Would sshpass help? I expect it’s in Debian’s repos.
I’m thinking Debian 12 may have changed something in their default settings for SSH. I’d consider commenting out your entry for the router in known_hosts & letting a fresh connection apply it again, as if it was for the first time. You might want to back it up beforehand.
Note 192.168.8.1 is the default IP; if you’ve changed it when you last setup your GL-AP1300, you should use that IP instead.
cat ~/.ssh/known_hosts will show all hosts you’ve ever SSH’d into. To see a list of how your Debian host connects to your LAN & the associated route it takes, try:
ip a | grep 192 && route -ne
Your router’s IP is going to be listed in there, somewhere.
Dropbear on OpenWrt offers an ssh-rsa key, which is rejected by openssh because it is not in it’s list of accepted keys (implicit or in ssh_config). Using this commandline option the config is overruled in you local ssh client. Don’t know if you have to specify it each time, maybe it is stored in known_hosts. (Mijzelf, Apr’22)
The client can specify the hostkey algorithm it prefers with the option HostKeyAlgorithms in ssh_config or ~/.ssh/config or on the command line. man ssh_config on your system to see the default HostKeyAlgorithms preference for your version of openssh. The server will use the first key type which is on the client’s list and exists on the server.
If you would prefer to keep the old RSA key challenge, add “-oHostKeyAlgorithms=ssh-rsa” to the command line, or add the line
nano ~/.ssh/config , find the section related to your router’s ssh details, add HostKeyAlgorithms ssh-rsa to it, save, try ssh’ing to the GL-AP1300 again.
Beyond that, ssh -oHostKeyAlgorithms=+ssh-rsa root@192.168.8.1 should still be the quick & easiest.
This issue seems to arise from the implementation of Dropbear & changes to OpenSSH. OpenSSH 8.8 was released on 2021-09-26. If it’s 8.8 or better, perhaps reading https://superuser.com/a/1716781 should give a potential permanent resolution, with references the issue from https://www.openssh.com/txt/release-8.8 :
Potentially-incompatible changes
This release disables RSA signatures using the SHA-1 hash algorithm
by default.
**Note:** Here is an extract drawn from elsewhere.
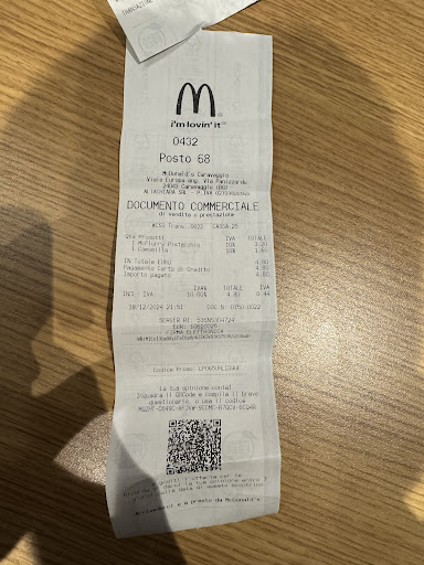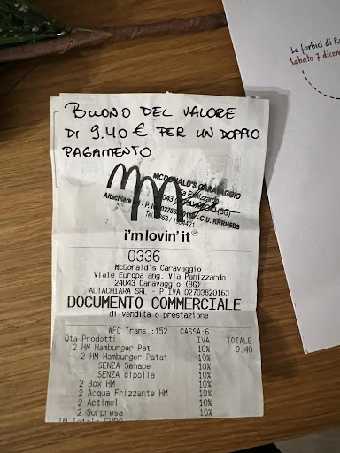 Se potessi dare 0 stelle lo farei, solo per la scarsissima qualità del servizio.Dal monitor pago (pagamento effettuato), ma non funziona e non esce la scontrino.Maleducatamente vengo costretta ad effettuare un nuovo pagamento se intendo consumare,nonostante mostri da app bancaria che il pagamento precedente è stato effettuato. Avendo portato due bimbi in attesa di happy meal e giochi non posso cambiare posto, quindi mi limito al riacquisto di due happy meal per i bambini, escludendo il resto del mio ordine che comunque mi è passata la voglia di consumare.Dopo circa 20 minuti mi viene detto che l'ordine precedente è arrivato, quindi effettivamente era stato pagato, me ne viene data parte e sul resto mi viene fatto un buono.Cioé scorrettezza allo stato puro.Faccio notare che cosi mi costringono a tornare da loro per utilizzare un buono che non ho chiesto, mi viene risposto che posso acquistare 9 euro di prodotti per la colazione del giorno seguente se non intendo tornare..Mai successo nulla del genere..assurdi.Onestamente il buono lo ho regalato, io in quel posto non ci metterò mai più piede, e lo sconsiglierei a chiunque. Pessimo servizio, pessima comunicazione e scorrettezza totale (se non mi fossi rovinata ulteriormente la serata avrei chiamato...

This change has been made as the SHA-1 hash algorithm is
cryptographically broken, and it is possible to create chosen-prefix
hash collisions for <USD$50K [1]
For most users, this change should be invisible and there is
no need to replace ssh-rsa keys. OpenSSH has supported RFC8332
RSA/SHA-256/512 signatures since release 7.2 and existing ssh-rsa keys
will automatically use the stronger algorithm where possible.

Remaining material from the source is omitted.